In the early 1900s one of the major global health threats was infectious diseases associated with poor hygiene and poor sanitation. No medical advances have been acknowledged as more important than the development of vaccines and antibiotics during the early and mid – twentieth century.¹ The enormous gains made in public health through the prevention and treatment of infectious disease have been hailed as a medical miracle.² Antibiotics thus revolutionized medicine in the 20th century, and have together with vaccination led to the near eradication of diseases such as diphtheria and whooping cough in the developed world.

Antibiotics, also called antibacterial or antimicrobial drugs, are used in the treatment and prevention of infections caused by strains of bacteria³ by killing or inhibiting the growth of these bacteria while the body's natural defenses work in concert to eliminate the infection.⁴ Similar to the fact that aspirin is a natural product derived from the white willow tree, many antibiotics can trace their origin from plants and fungi.⁵

While the story of penicillin's discovery by Alexander Fleming in 1928 is well known,⁶ the first antibacterial treatment began with the use of a compound called Salvarsan (arsphenamine), an arsenic-containing drug which was first synthesized by Alfred Bertheim and Paul Ehrlich in 1907.⁷ This was a highly toxic drug to treat syphilis, for which both Bertheim and Ehrlich were awarded the Nobel Prize.⁸

How Antibiotics are used

Today there are literally hundreds of different antibiotics that may be prescribed based upon the type of infection and suspected bacteria. For serious/severe infections, a broad-spectrum antibiotic (i.e., one that is effective against many different bacteria) is used initially. A narrow spectrum antibiotic (i.e., one that is effective against a few specific types of bacteria) may then be used once the infecting bacterium has been identified.^9,10

In addition to treating an infection, antibiotics may be prescribed prophylactically to prevent infections in the case of high risk. For example HIV/AIDS or otherwise immunosuppressed patients may be prescribed antibiotics to prevent secondary bacterial infections.¹¹ This is also true in the case of cancer patients with suppressed immune systems, patients about to undergo high risk surgeries, as well as dental patients at risk for bacterial endocarditis.¹²

While antibiotics are used to treat and prevent numerous types of infections, these infections can be divided into two basic types: community acquired and hospital acquired. Community-acquired (CA) infections are those infections that are contracted outside of a health care setting, or infections present on admission.¹³ CA infections are often distinguished from nosocomial, or hospital-acquired, diseases by the types of bacteria infecting the patient.
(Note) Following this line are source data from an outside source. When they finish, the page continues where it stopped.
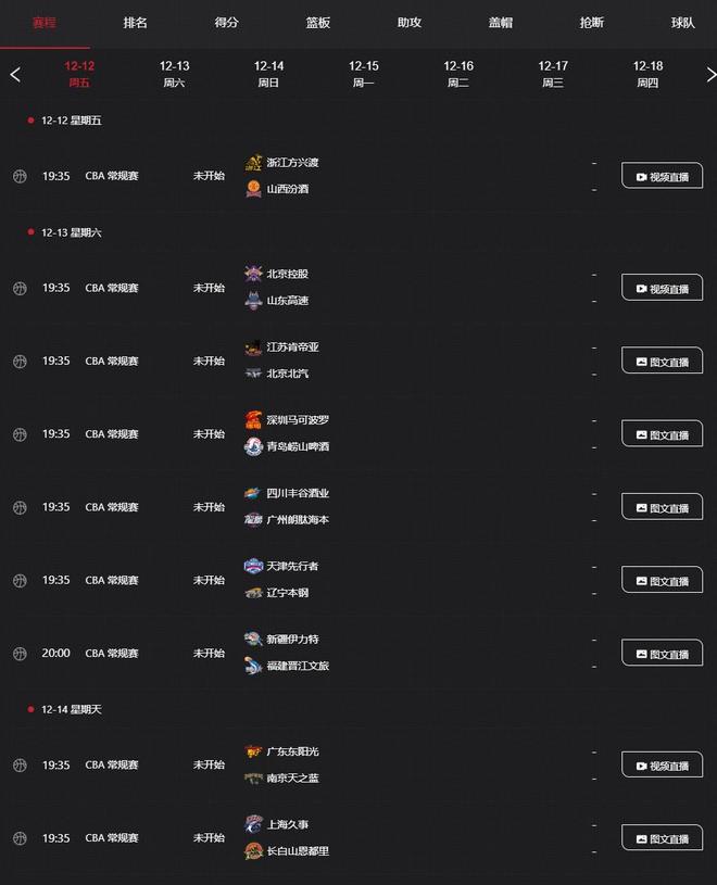 通过整理,目前央视节目单中共公布了未来7个比赛日(12月12日-12月18日)的转播计划,在这7个比赛日中有27场比赛,其中计划进行转播的比赛仅为3场,分别是揭幕战广厦vs山西、北控vs山东、广东vs南京。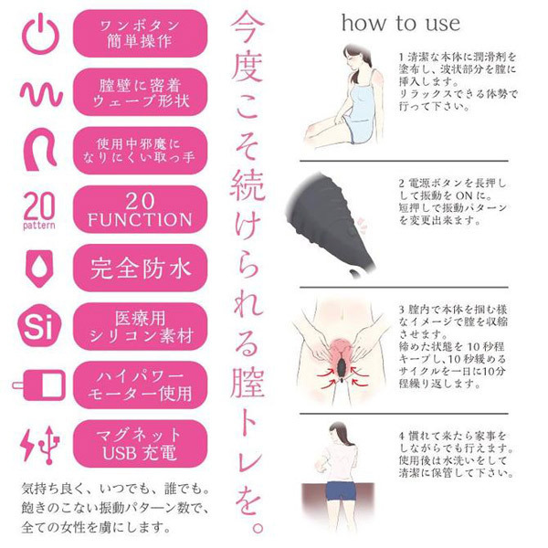 いつでも誰でも、ずっと気持ちイイ♪膣圧を向上して『極上名器』に変身させる膣トレグッズ「ウェービーオルガ ブラック」。膣壁に密着するウェーブ形状のデコボコした表面の構造が、男性を虜にする名器に変身させます。こまめに挿入してトレーニングすることで徐々に膣圧アップ!取り出しやすいスマートな取っ手は邪魔にならないので、普段の生活をしながらでもトレーニング可能。強さが選べる20種類もの振動パターンを搭載!ボタン一つの簡単操作で異なる刺激を堪能できます。また、トレーニングだけでなくクリバイブとしても快感を得られるハイパワーモーター仕様です。本体の充電は簡単なマグネット式USB充電(専用ケーブル付属)、完全防水仕様、医療用シリコン製。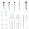 Sadnyy 17 Pieces Pet Nursing Bottle Kit Including 2 Pet Feeding Bottle, 8 Replacement Feeding Nipples, 5 Dog Nursing Syringes in 1 Ml, 5 ml and 10 Ml, 2 Cleaning Brushes for Kittens, Puppies, Rabbits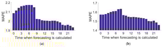 In order to quantify the effect of temperature updates, the MAPE of the entire forecasting horizon has also been calculated for each time of the day when forecasts are calculated. These errors are drawn in Figure 4; in order to distinguish the effects of temperature updates when predicting early morning and the rest of the day, the hours of the day that are predicted have been separated into two graphs.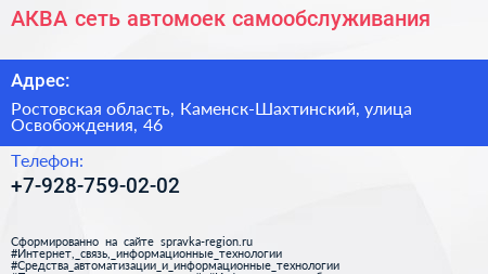 АКВА, сеть автомоек самообслуживания по адресу Ростовская область, Каменск-Шахтинский, улица Освобождения, 46 в дальнейшем Организация, размещена в следующих категориях: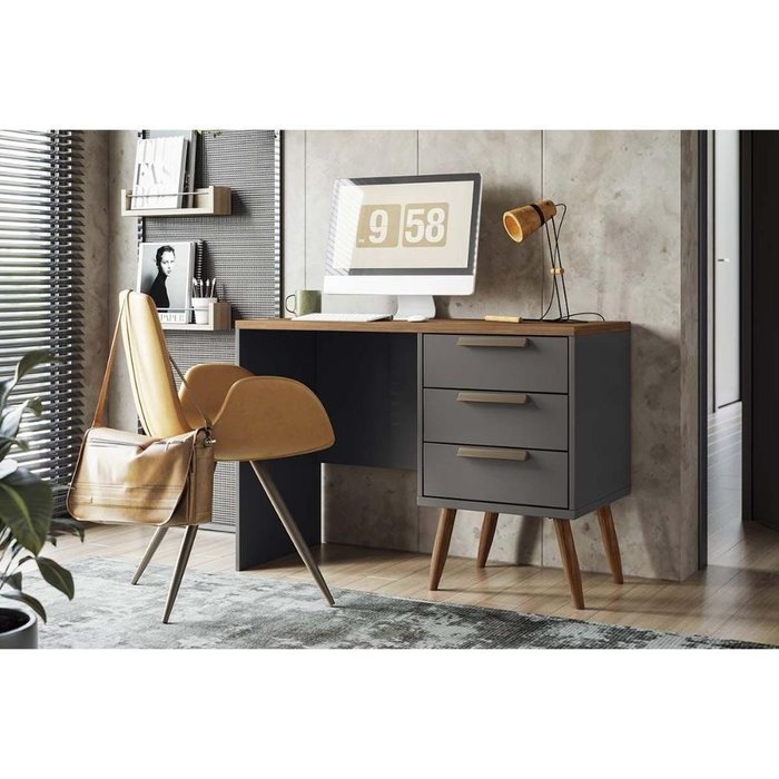 Escrivaninha p/ Escritório New Connect c/ 3 Gavetas Grafitte - Santos Andirá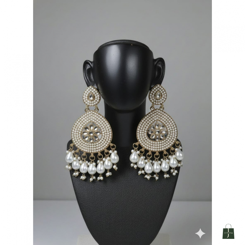 Add a touch of timeless elegance to your look with these Royal Pearl Kundan Chandbali Earrings. Beautifully crafted with intricate Kundan work, these earrings feature a classic circular design highlighted with delicate pearl detailing and graceful pearl drops. The rich gold-toned finish enhances their traditional charm, making them perfect for weddings, festive occasions, and ethnic celebrations.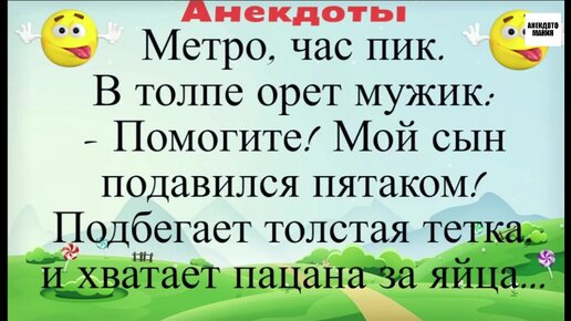 Метро. Час пик. В толпе орет мужик: - Помогите, мой сын подавился пятаком Анекдот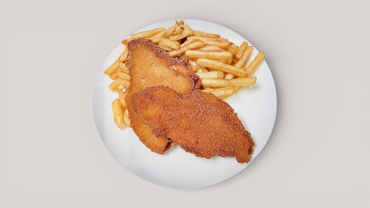 2 stk. friteret rødspættefiler serveret med pommes frites og én valgfri dip.

Hospital-acquired infections (HAIs) are more likely to be caused by bacteria resistant to antibiotics and result in a significant clinical and economic burden worldwide.¹⁴ An estimated 5–10% of all hospitalizations are complicated by a nosocomial infection with an estimated cost of $4.5–5.7 billion per year in the USA alone.¹⁵ HAIs also tend to have greater mortality than CA infections.16 Some antibiotics can be taken orally, while others are administered by injection or applied topically to the skin.¹⁷ Antibiotics are not effective against viruses and should never be taken in the case of suspected viral infections such as common colds. Used properly, antibiotics can save lives.

Societal Health Impact

The doubling of our life span in the 20th century has been aided by the use of antibiotics.^{18, 19} Many medical and dental procedures that we today take for granted would not be possible without the availability of safe and effective antibiotics.²⁰ Clinical studies have shown that the mortality reduction due to treatment with antibiotics ranges from 10% for skin infections to 75% for bacterial endocarditis.²¹

Economic Impact

Without antibiotics infectious diseases have devastating consequences for people and economies. For example, one study evaluated historical trends in Staphylococcus aureus infection rate, economic burden, and mortality in U.S. hospitals.²² The authors determined that in 2003, the total economic burden of S. aureus infection was estimated to be $14.5 billion for all inpatient hospitalizations and $12.3 billion for surgical patient hospitalizations. Thus the prevention of these infections should result in corresponding cost savings. Acute otitis media (AOM), or inflammation of the middle ear, is responsible for 13.6 million pediatric office visits annually in the U.S. and incurs an estimated annual cost of $2.98 billion.²³ In a published cost-effectiveness analysis that was conducted among children aged 6 months to 12 years seen in primary care offices, routine treatment with amoxicillin was shown to be cost effective.²⁴ In fact that same study showed that when compared with delayed prescription, 7 to 10 days of amoxicillin resulted in a significant cost savings. More generally, in terms of actual value that antibiotics provide, evidence from cost/utility analyses of antibiotics have shown that the majority of antibiotics provide value for money, save money, and improve effectiveness of concurrent medical procedures.²⁵

Antibiotic Resistance

Antibiotic resistance (or antimicrobial resistance, AMR) is a global problem. Unlike almost every other class of drug, antibiotics drive their own obsolescence by selecting for antibiotic-resistant bacteria. Infections caused by antibiotic-resistant bacteria extract a significant public health and economic burden on healthcare systems. The Centers for Disease Control and Prevention (CDC) estimates that each year in the U.S., at least 2 million people become infected with bacteria that are resistant to common antibiotics, and at least 23,000 people die each year as a direct result of these infections.²⁶ The economic burden created by antibiotic resistance in the U.S. is estimated at $55 billion ($20 billion in health service costs and $35 billion in lost productivity) per year.²⁷ Antibiotic-resistant infections cause over 50,000 deaths annually in Europe, with hundreds of thousands more dying in other regions.²⁸

Antibiotic resistance is a natural phenomenon, but its occurrence can be increased by careless use/overuse of antibiotics. The pharmaceutical industry recognizes our responsibility and remains committed to playing a significant part in ensuring that antibiotics are used appropriately, called good antibiotic stewardship. Given the unique scientific, economic, public health and environmental challenges presented by AMR, collaboration between stakeholders is essential to maximize progress. Pfizer along with other pharmaceutical companies have developed the Roadmap for Progress on Combating Antimicrobial Resistance. The Roadmap includes commitments to both antibiotic stewardship and antibiotic resistance surveillance.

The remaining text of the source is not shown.